2. STORY: THE ALGORITHM MISCONCEPTIONS
The data collected for the purposes of this research gave an answer to the central question posed by the research team which will be discussed further in the findings section of this report. What it achieved doing, in addition to that, was to enlighten other aspects to the working of the algorithm. It turns out that there are some assumptions about such algorithms that are not altogether true. These assumptions collectively make up a set of common misconceptions about the Facebook algorithm. The story that came out of this journalistic research is elaborates on these misconceptions.
Facebook is supposed to encourage socializing and critical thinking
Facebook positions itself as a social platform where you can voice your opinions. But as seen through Jan De Vries’ profile, it is more of a platform that pushes you to consume – content or just advertisements. Content that is easily digestible by the user is a priority while group suggestions and events which would make the user socialize are not often visible on the forefront. Users are not encouraged to engage in any forms of debates or current discussions but rather be passive consumers while their feed turns into an ongoing promotion of different goods and services. Facebook trains consumers and reinforces consumerism rather than critical thinking, which is why it supposedly encourages its users to blindly consume the content given to them according to the official narrative.

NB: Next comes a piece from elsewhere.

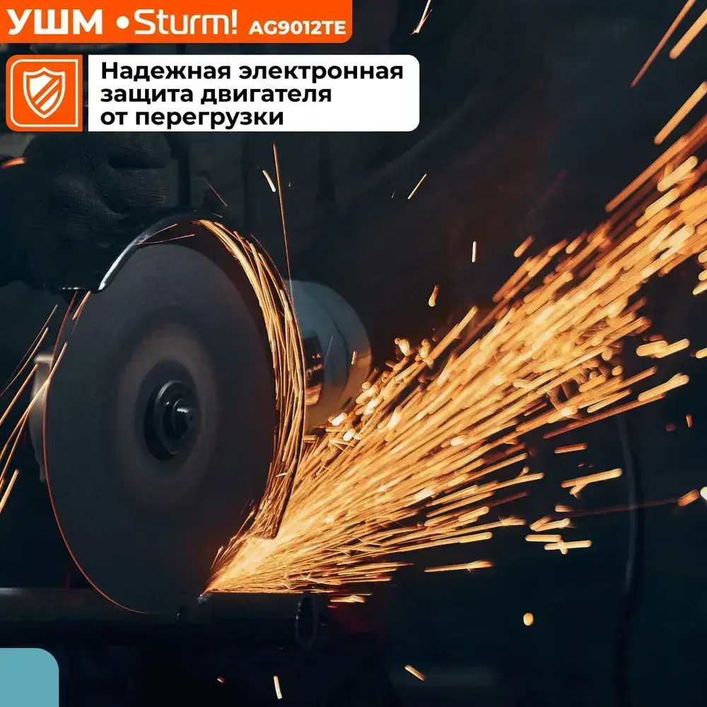 Болгарка 125 электрическая, углошлифовальная машина УШМ с регулировкой оборотов Sturm! 1100Вт, 4000-10000об/мин, константная электроника, кабель 4м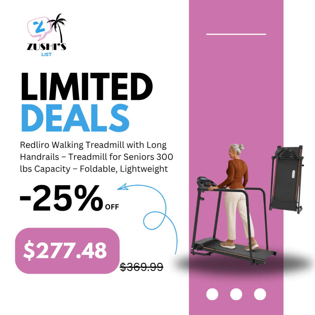 Redliro Walking Treadmill with Long Handrails – Treadmill for Seniors 300 lbs Capacity – Foldable, Lightweight with Wheels, Cup & Phone Holder – Recovery Machine for Home or Apartment

There are no attempts to erode the filter bubbles
Facebook does, in fact, confirm your preferences further, creating the so-called filter bubbles. The users rather than being exposed to a diverse feed, they fall into a loop of never-ending content which targets only specific beliefs and point of views, which coincide with users’ present attitudes. They learn how to accept their own news feed as a representation of the world and encourage radicalization of ideas and fanaticism. However, surprisingly it also attempts to expose users who seem to be already radicalized in content, as for example Jan, which is out of their comfort zone. In Jan’s case, this was the numerous friend suggestions his profile received coming from different people. These friend suggestions from various foreign countries ranging from Indonesia to Belgium could also be due to the normalization Facebook attempts to achieve through exposing their users to content (friend suggestions, group suggestions, events, etc) which is not necessarily directly linked to the user’s preferences. Although there is just a probability of this normalization, the data that our team got after thorough analysis strongly suggests the possibility of it being true.
Facebook personalization settings are applied directly
It takes time for the Facebook algorithm to define a certain account in some category. It demands constant use and active participation in order to provide the algorithm with the ‘food’ it needs in order to categorize the user. Jan’s profile, even though constantly active, seemed like it needed more time in order for Jan to be put in a certain box by the algorithm. If Jan’s profile was active for more time we would probably understand and visualize in more detail how the algorithms work. For example, after approximately 2 months of usage of Jan’s account, our team would be able to generate more data which would make the results of this report more valid.
All pages you have liked have an equal position on your news feed
Algorithm suggests non-political topics as group suggestions, but the home feed is dominated by political content. Even though Jan had various interests apart from politics like music, food, sports, etc., none of that would appear on his news feed any time his profile would be active. Various other pages like this of singer Frans Bauer and the supermarket chain like Albert Heijn were liked and even though most of them are producing a lot of content daily none of that would appear on Jan’s news feed, which was on the contrary dominated by posts and visual content related to current political issues.
In conclusion, our team wants to notice that Jan did not achieve his motivation. When the fake character Jan was created for this project, a motivation was created for him. In other words, a real reason why he would decide to open a Facebook account was devised. That reason, his motivation, was to actively voice his support for the alt-right community online and to possibly connect with those with whom his ideas resonate. However, the more time he spent on the platform the less engaging his feed became. Instead of feeding Jan the type of content that would encourage his engagement such as events or discussion groups, Facebook has largely shown him content that could be passively consumed like posts or videos. Although the research team kept on pushing Jan to actively engage by performing interactive actions on the platform such as commenting on posts, the home feed of Jan still remained mostly composed of news items or dull entertainment content that was not really engaging.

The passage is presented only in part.